The Hull-Grummond Buildings.
Interior view showing original cigar production workers.
The Cardiff Giant.
Backstory and Context
The building at the corner of Water and Henry streets in Binghamton was originally home to the Hull-Grummond Cigar Company, one of the leading cigar producers in the country.
A close look at the building today shows two buildings side by side. The building on the left is the original 1886 factory. 20 years later the company was producing 100,000 cigars daily and more space was needed. In 1906 another building went up adjoining the original structure. With the new building, designed by architect T.I. Lacey “especially for the purpose of a cigar factory”, Hull doubled both his work force and cigar production. At its peak, the company was one of the largest employers in the city.

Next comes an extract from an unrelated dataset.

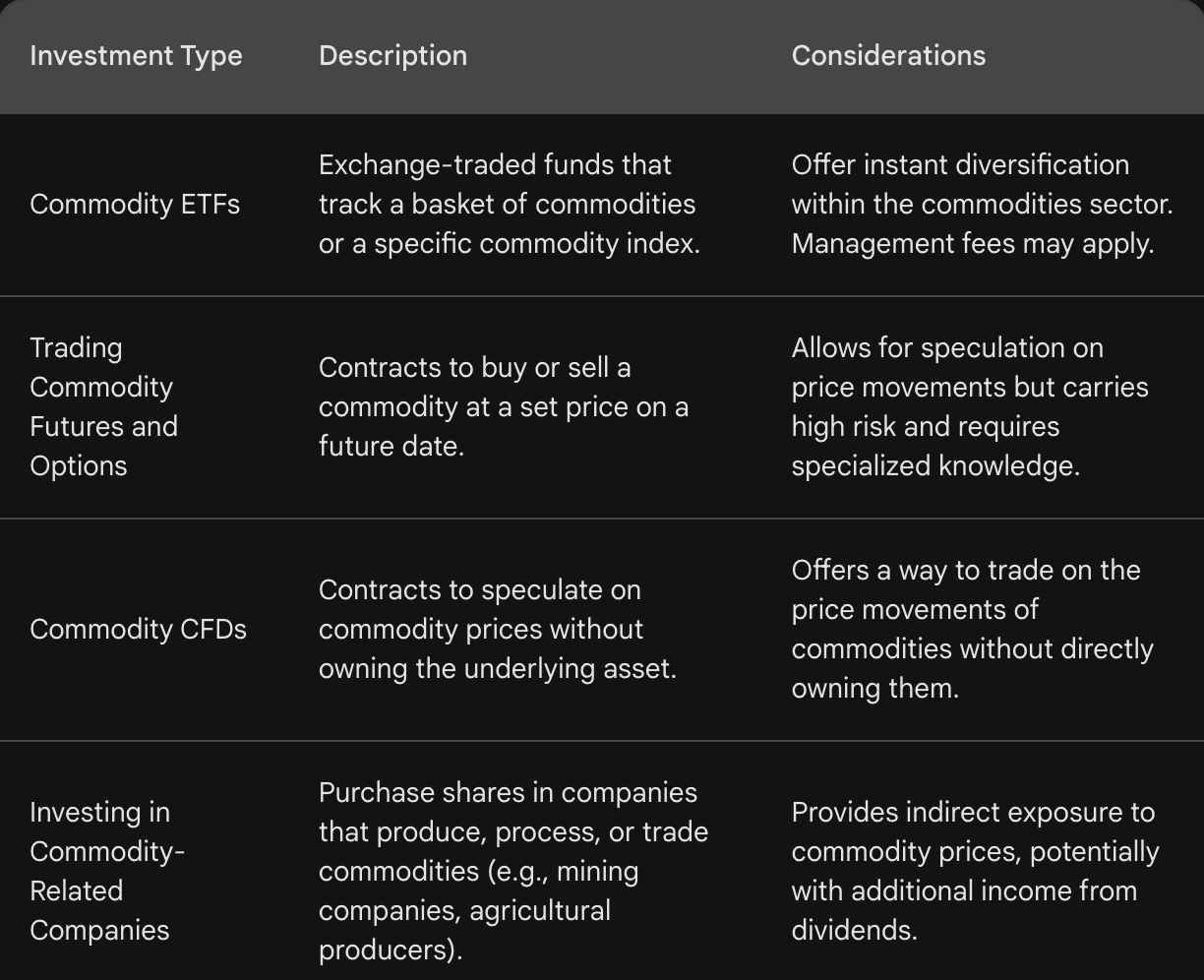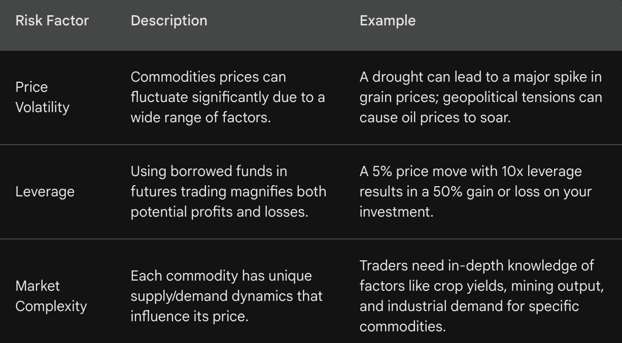Ważna uwaga: Handel towarami niesie ze sobą wrodzone ryzyka. Przed zainwestowaniem dokładnie zbadaj rynki i skonsultuj się z doradcą finansowym, jeśli to konieczne.
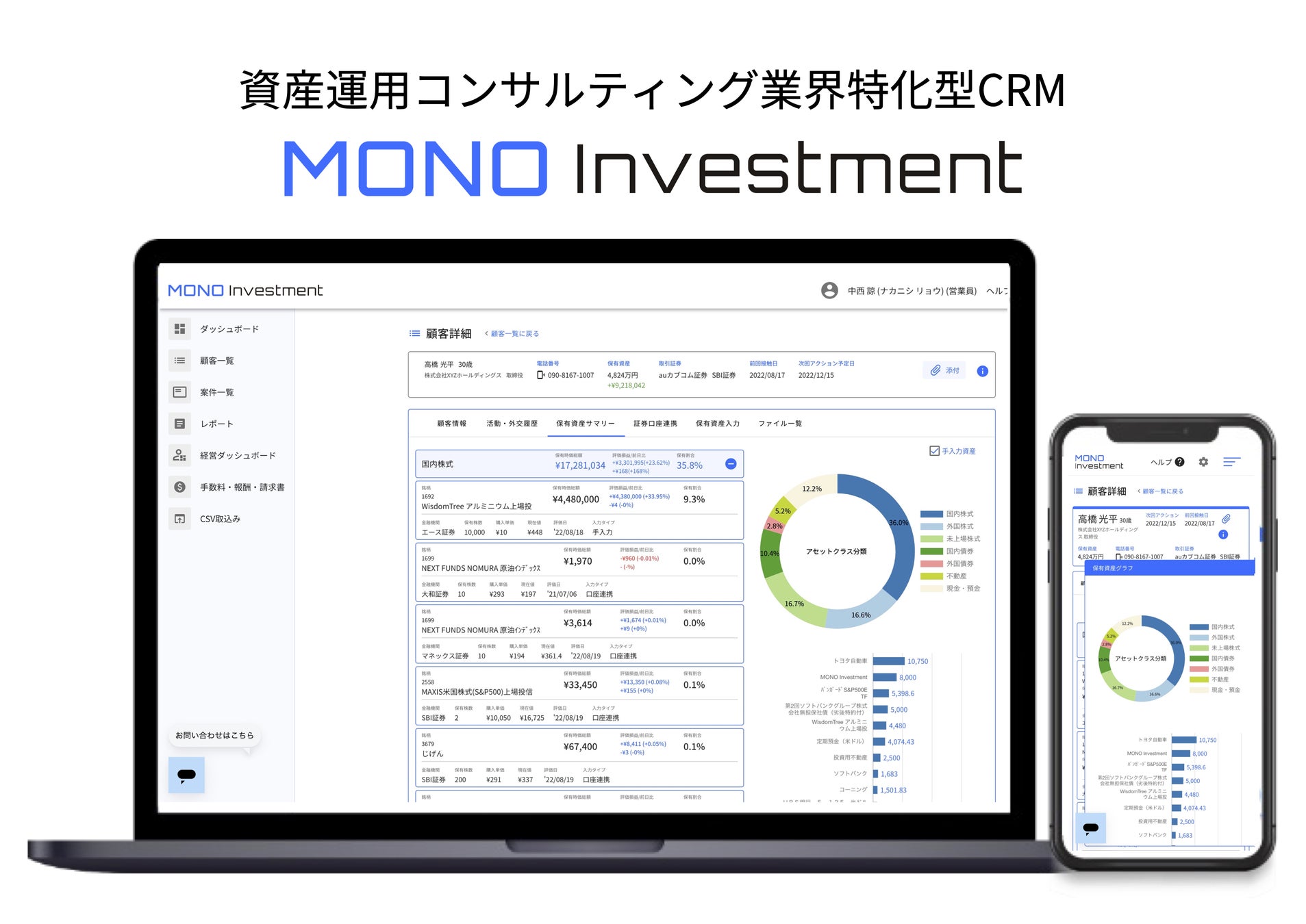 MONO Investmentは、資産運用コンサルティング領域に特化したCRMツール「MONO Investment」を主に提供するフィンテック事業者です。本ツール上で、アカウントアグリゲーション機能や顧客情報管理機能、案件管理機能などを提供することで、顧客提案から管理業務まで、資産運用コンサルティング事業者のあらゆる業務の効率化・高度化を実現しております。

Following World War I, popularity of cigars declined. By 1920 large areas of the factory were idle and space was leased to other manufacturers.
The building would later serve as a shoe company, an auto parts store, an electrical supply company, and house a variety of other businesses. Today modern offices fill the second and third floors, the vacant fourth floor with exposed brick walls, rafters and wood floors remains virtually unaltered, and since 1997, the first floor has been home to one of Binghamton’s most popular restaurants, the Lost Dog Café.
It is interesting to note that John Hull’s uncle, George Hull, gained fame in 1868 for creating one of the greatest hoaxes in American history… the Cardiff Giant.